# Dataset Overview Analysis

This notebook provides a comprehensive overview of the image scraping dataset, including:
- High-level statistics and metrics
- Class and category distributions
- Success rate analysis
- Format distribution overview

## Setup and Data Loading

In [None]:
import sys
import os

# Add paths for imports
notebook_dir = os.path.dirname(os.path.abspath('__file__' if '__file__' in globals() else 'dataset_overview.ipynb'))
visualizations_dir = os.path.dirname(notebook_dir)
sys.path.append(os.path.join(visualizations_dir, 'visualizers'))
sys.path.append(os.path.join(visualizations_dir, 'utils'))

from dataset_stats import create_combined_overview
from data_loader import load_report_data
from plot_helpers import apply_global_style, display_config

apply_global_style()

# Load data - adjust path as needed
data = load_report_data('../../sample_report.json')
print("Data loaded successfully!")
print(f"Generated at: {data.get('generated_at', 'Unknown')}")

## Dataset Overview Dashboard

Key metrics at a glance:

In [None]:
charts = create_combined_overview(data)

overview_fig = charts['overview']
overview_fig.show(config=display_config())
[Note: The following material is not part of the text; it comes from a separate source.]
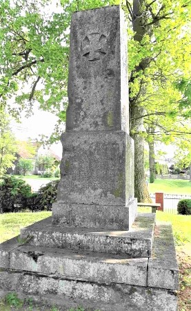 Denkmal für die Gefallenen des Ersten Weltkriegs im Kirchhof: Abgestufte viereckige Stele mit Inschriften und EK-Zeichen im oberen Bereich.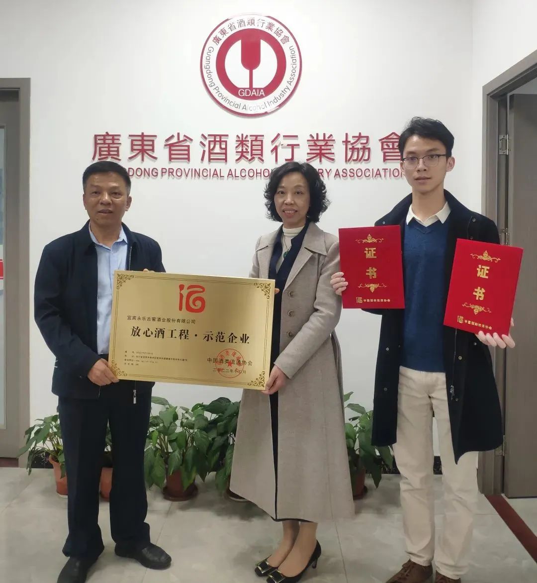 最后,彭洪会长向我会副会长单位宜宾永乐古窖酒业股份有限公司颁发“2022年放心酒工程示范企业(店)”牌匾及证书。

## Class Distribution Analysis

Distribution of images across different classes:

In [None]:
class_fig = charts['class_distribution']
class_fig.show(config=display_config())

## Category Distribution

Breakdown by major categories (Grow, Glow, Go):

In [None]:
category_fig = charts['category_distribution']
category_fig.show(config=display_config())

## Download Success Rate

Overall success rate of the scraping operation:

In [None]:
success_fig = charts['success_rate']
success_fig.show(config=display_config())

## Summary Statistics

Let's extract some key insights from the data:

In [None]:
from data_loader import get_overview_metrics, extract_quality_stats

metrics = get_overview_metrics(data)
quality = extract_quality_stats(data)

print("=== DATASET SUMMARY ===")
print(f"Total Images: {metrics['total_images']:,}")
print(f"Total Classes: {metrics['total_classes']}")
print(f"Total Categories: {metrics['total_categories']}")
print(f"Success Rate: {metrics['success_rate']:.2f}%")
print(f"Average File Size: {metrics['avg_file_size_mb']:.2f} MB")
print("\n=== DOWNLOAD STATS ===")
print(f"URLs Found: {quality.get('total_urls_found', 0):,}")
print(f"Successfully Downloaded: {quality.get('total_downloaded', 0):,}")
print(f"Missing/Failed: {quality.get('urls_found_but_missing_metadata', 0):,}")

## Export Options

Save charts for reports or presentations:

In [None]:
# Uncomment to save charts
# from plot_helpers import save_plot
# 
# save_plot(overview_fig, 'dataset_overview_dashboard', 'html')
# save_plot(class_fig, 'class_distribution', 'png', width=1000, height=600)
# save_plot(category_fig, 'category_distribution', 'png', width=800, height=600)
# save_plot(success_fig, 'success_rate_gauge', 'png', width=600, height=400)
# 
# print("Charts saved to visualizations/output/")